■ Records for the task ■
□ □ □ □ □ □ □

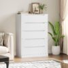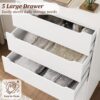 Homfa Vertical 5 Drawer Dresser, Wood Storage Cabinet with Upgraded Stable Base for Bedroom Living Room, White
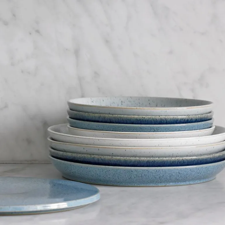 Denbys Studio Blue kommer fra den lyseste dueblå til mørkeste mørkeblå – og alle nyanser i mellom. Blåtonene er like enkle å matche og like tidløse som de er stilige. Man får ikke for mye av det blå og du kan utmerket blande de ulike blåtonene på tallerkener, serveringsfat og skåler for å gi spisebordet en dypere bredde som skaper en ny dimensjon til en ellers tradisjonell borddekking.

□ □ □ □ □ □ □

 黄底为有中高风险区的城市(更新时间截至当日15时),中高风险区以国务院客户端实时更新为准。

□ □ □ □ □ □ □

■ Task description ■
The answer is the lines of the material above, from the one containing "Homfa Vertical 5" down to the one containing "Denbys Studio Blue", given exactly and without images.

■ Your response ■
 Homfa Vertical 5 Drawer Dresser, Wood Storage Cabinet with Upgraded Stable Base for Bedroom Living Room, White
 Denbys Studio Blue kommer fra den lyseste dueblå til mørkeste mørkeblå – og alle nyanser i mellom. Blåtonene er like enkle å matche og like tidløse som de er stilige. Man får ikke for mye av det blå og du kan utmerket blande de ulike blåtonene på tallerkener, serveringsfat og skåler for å gi spisebordet en dypere bredde som skaper en ny dimensjon til en ellers tradisjonell borddekking.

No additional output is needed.